Goal of the exercise. What you return must match the records below exactly, apart from the omitted pictures.

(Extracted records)
• • •

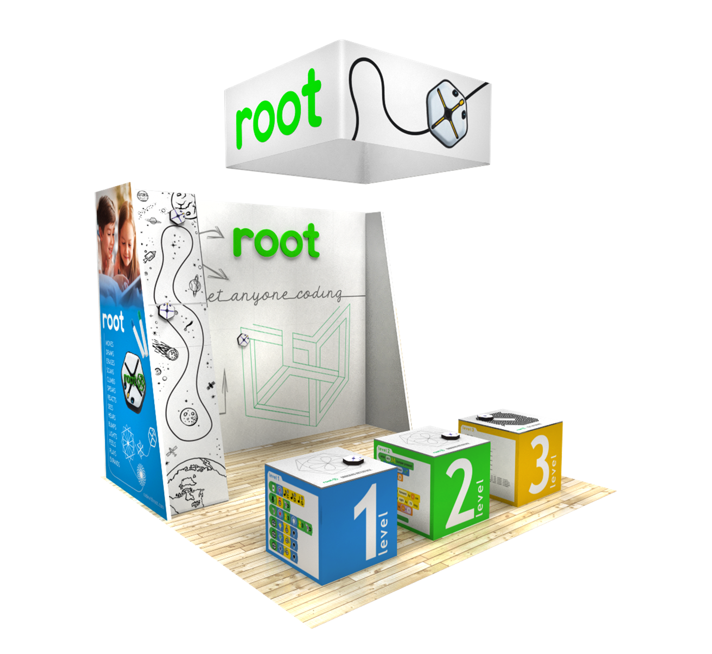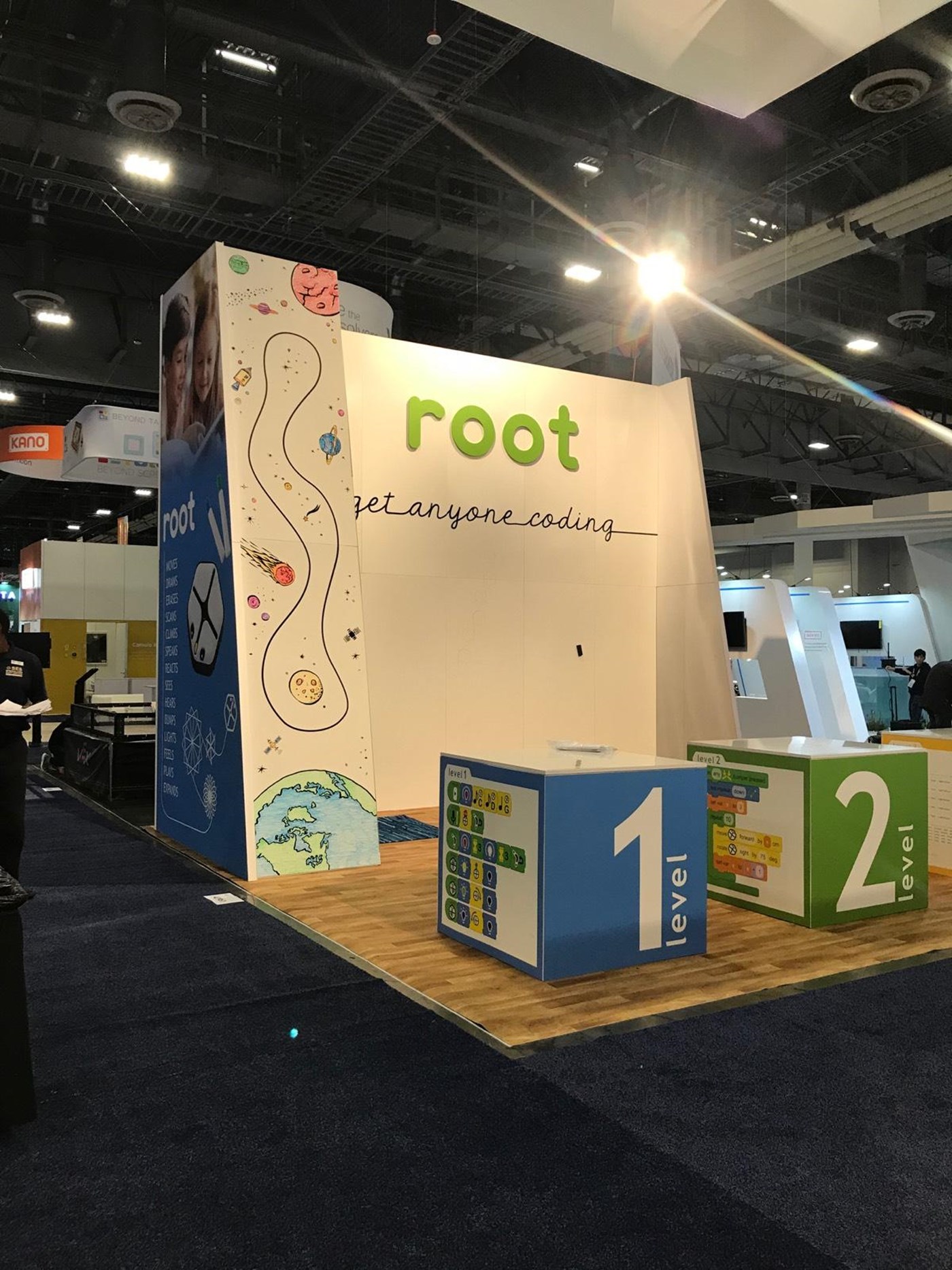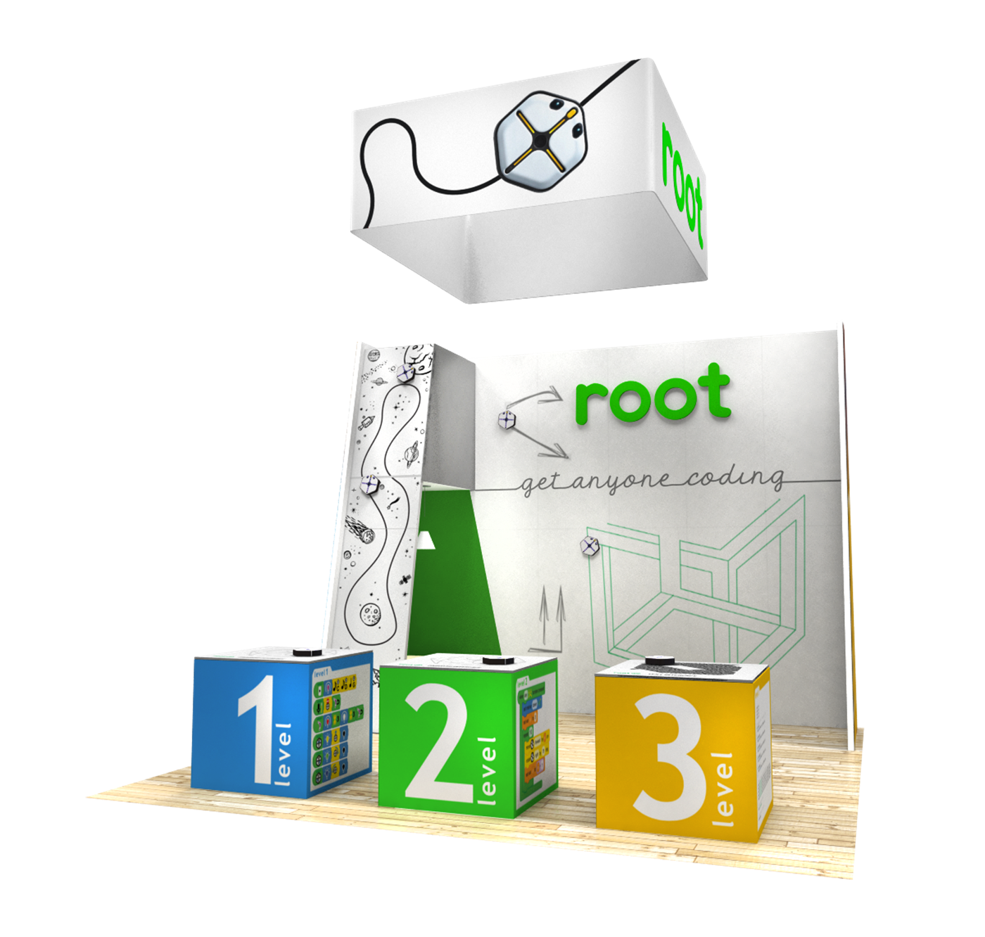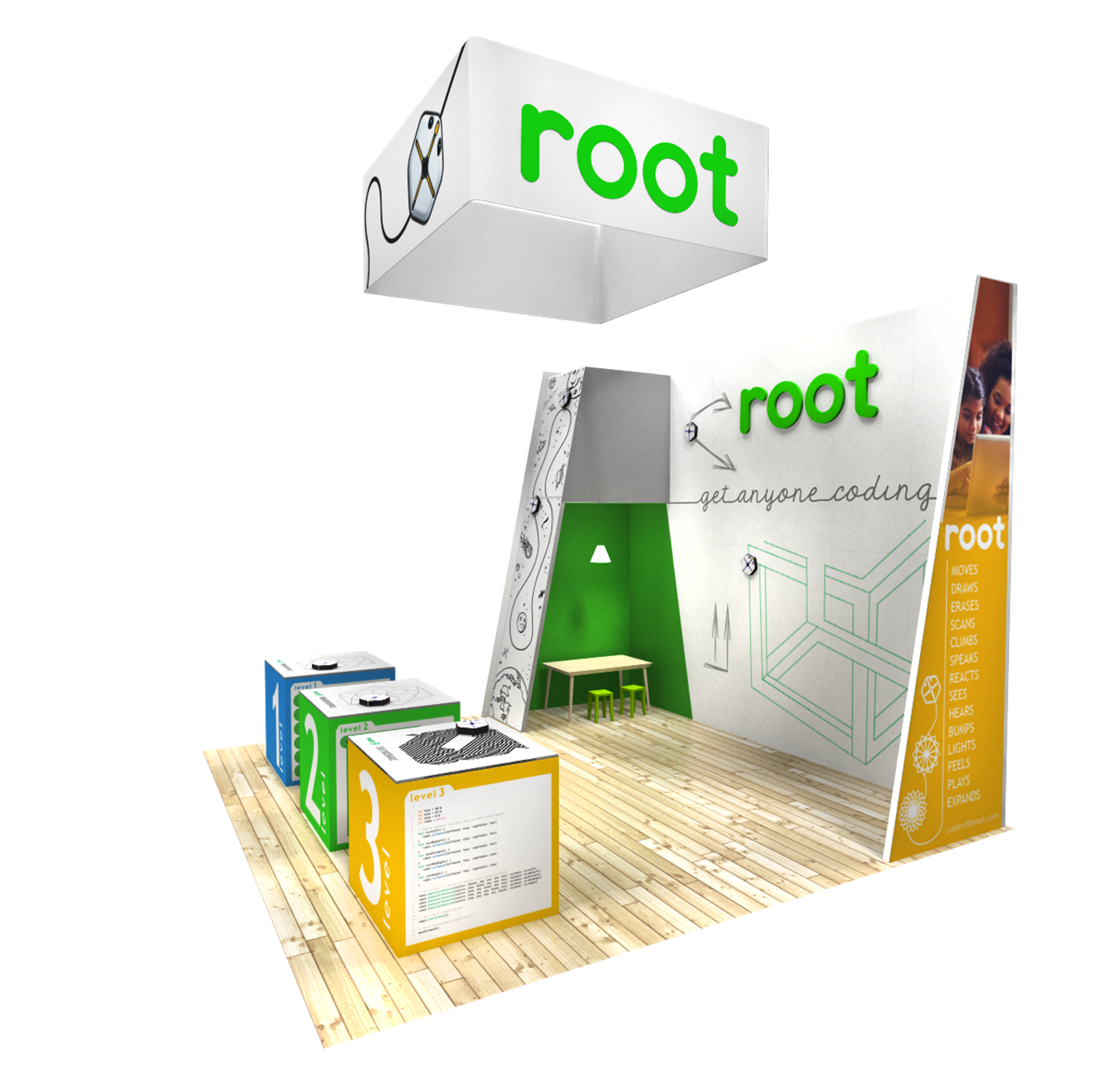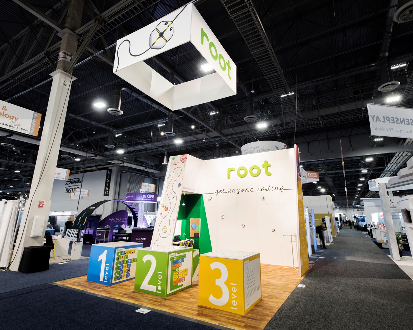 Exhibit shown with custom magnetic white board back-wall and dimensional logo not included.
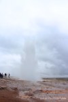 A unos 15 km de distancia se encuentra Geysir, la fuente termal de cuyo nombre deriva la palabra para definir a todos sus semejantes: géiser. El original Geysir no funciona desde hace unos cuantos años, desde que los turistas se dedicaban a tirarle piedras y monedas, que acabaron por obstruir la salida del chorro de agua. Una columna de agua que alcanzaba los 70 metros de altura. Por suerte para los visitantes hay otro géiser a unos pocos metros, que lanza chorros de agua a una altura entre los 20 y los 30 metros, y a una temperatura de cien grados Celsius cada pocos minutos. En los momentos de calma, la boca del géiser se encuentra anegada de agua. De vez en cuando surgen pequeñas burbujas desde su interior y una ligera agitación despierta su calma. Pero es justo en el momento en el que va a reventar la columna de agua cuando el la visión se vuelve mágica. Entonces se forma una burbuja azul magnifica, de brillos intensos, como un ojo de cristal turquesa que lo ve todo, y el estallido de agua nos deja petrificados ante tan espléndido espectáculo.
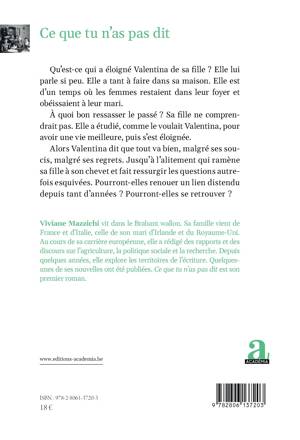Qu'est-ce qui a éloigné Valentina de sa fille ? Elle lui parle si peu. Elle a tant à faire dans sa maison. Elle est d'une autre génération, celle où les femmes obéissaient à leur mari. Pourquoi ressasser le passé ? Sa fille ne comprendrait pas. Elle a étudié, comme le voulait Valentina. Pour qu'elle ait une autre vie. Et elle est partie. Alors Valentina dit que tout va bien. Jusqu'à l'alitement qui ramènera sa fille à son chevet et fera ressurgir les questions qu'elle avait esquivées.
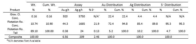 Follow up locked-cycle flotation test work was conducted at an 80% - 150-micron grind size on gravity tails generated from the sample composite. Test results showed that the combined gravity and flotation concentrate was 10.9% of the feed weight, assayed 57.1 g/t Au and 1,725 g/t Ag. Recoveries reporting to this combined concentrate were 94.8% gold and 89.8% silver of the values contained in the whole feed. The combined concentrate described above included a gravity cleaner concentrate and flotation rougher concentrate (from locked-cycle testing on the gravity tailing). The gravity concentrate was 0.16% of the feed weight, assayed 920 g/t Au and 5,750 g/t Ag and represented gold and silver recoveries of 22.4% and 4.4% respectively. The gravity concentrate was not assayed for sulphide sulphur. The flotation concentrate was 10.74% of the whole feed weight, assayed 44.3 g/Au, 1,665 g/t Au and 21.9% sulphide sulphur and represented gold and silver recoveries of 72.4% and 85.4% respectively of values contained in the whole feed weight.
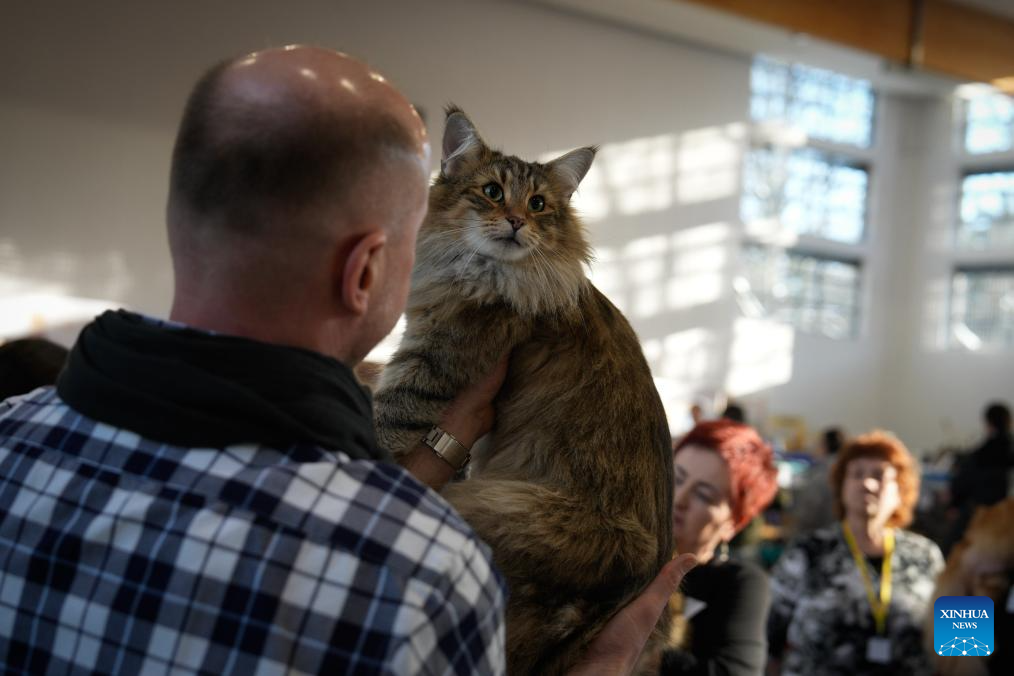 A breeder shows a Maine Coon cat during an international show of purebred cats in Warsaw, Poland, on Jan. 17, 2026. Around 200 cats of various breeds were showcased at the event organized by Poland's cat fanciers association SMK Jedynka. (Photo by Jaap Arriens/Xinhua)
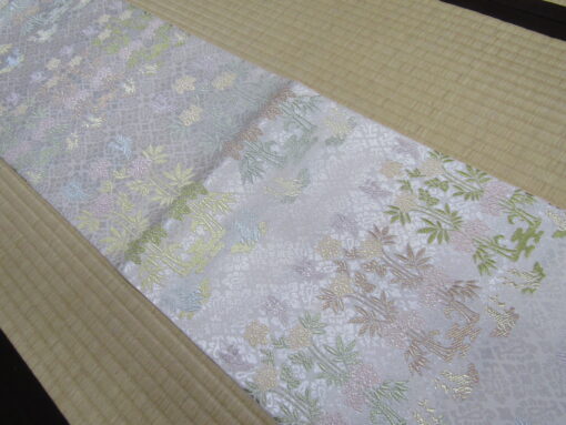 さてまた前置きが長くなったが、帯の幅は、江戸・寛政年間から徐々に広くなり、それに伴って帯生地の種類も加飾方法も多様化した。これが明治になり洋装化が進んだこともあって、帯質にも少しずつ変化が生まれる。しかしそこには、前述した家庭画報の記事にもあるように、流行に偏らない帯が存在していた。

• • •

Result.
 Exhibit shown with custom magnetic white board back-wall and dimensional logo not included.
 A unos 15 km de distancia se encuentra Geysir, la fuente termal de cuyo nombre deriva la palabra para definir a todos sus semejantes: géiser. El original Geysir no funciona desde hace unos cuantos años, desde que los turistas se dedicaban a tirarle piedras y monedas, que acabaron por obstruir la salida del chorro de agua. Una columna de agua que alcanzaba los 70 metros de altura. Por suerte para los visitantes hay otro géiser a unos pocos metros, que lanza chorros de agua a una altura entre los 20 y los 30 metros, y a una temperatura de cien grados Celsius cada pocos minutos. En los momentos de calma, la boca del géiser se encuentra anegada de agua. De vez en cuando surgen pequeñas burbujas desde su interior y una ligera agitación despierta su calma. Pero es justo en el momento en el que va a reventar la columna de agua cuando el la visión se vuelve mágica. Entonces se forma una burbuja azul magnifica, de brillos intensos, como un ojo de cristal turquesa que lo ve todo, y el estallido de agua nos deja petrificados ante tan espléndido espectáculo.
Qu'est-ce qui a éloigné Valentina de sa fille ? Elle lui parle si peu. Elle a tant à faire dans sa maison. Elle est d'une autre génération, celle où les femmes obéissaient à leur mari. Pourquoi ressasser le passé ? Sa fille ne comprendrait pas. Elle a étudié, comme le voulait Valentina. Pour qu'elle ait une autre vie. Et elle est partie. Alors Valentina dit que tout va bien. Jusqu'à l'alitement qui ramènera sa fille à son chevet et fera ressurgir les questions qu'elle avait esquivées.
 Follow up locked-cycle flotation test work was conducted at an 80% - 150-micron grind size on gravity tails generated from the sample composite. Test results showed that the combined gravity and flotation concentrate was 10.9% of the feed weight, assayed 57.1 g/t Au and 1,725 g/t Ag. Recoveries reporting to this combined concentrate were 94.8% gold and 89.8% silver of the values contained in the whole feed. The combined concentrate described above included a gravity cleaner concentrate and flotation rougher concentrate (from locked-cycle testing on the gravity tailing). The gravity concentrate was 0.16% of the feed weight, assayed 920 g/t Au and 5,750 g/t Ag and represented gold and silver recoveries of 22.4% and 4.4% respectively. The gravity concentrate was not assayed for sulphide sulphur. The flotation concentrate was 10.74% of the whole feed weight, assayed 44.3 g/Au, 1,665 g/t Au and 21.9% sulphide sulphur and represented gold and silver recoveries of 72.4% and 85.4% respectively of values contained in the whole feed weight.
 A breeder shows a Maine Coon cat during an international show of purebred cats in Warsaw, Poland, on Jan. 17, 2026. Around 200 cats of various breeds were showcased at the event organized by Poland's cat fanciers association SMK Jedynka. (Photo by Jaap Arriens/Xinhua)
 さてまた前置きが長くなったが、帯の幅は、江戸・寛政年間から徐々に広くなり、それに伴って帯生地の種類も加飾方法も多様化した。これが明治になり洋装化が進んだこともあって、帯質にも少しずつ変化が生まれる。しかしそこには、前述した家庭画報の記事にもあるように、流行に偏らない帯が存在していた。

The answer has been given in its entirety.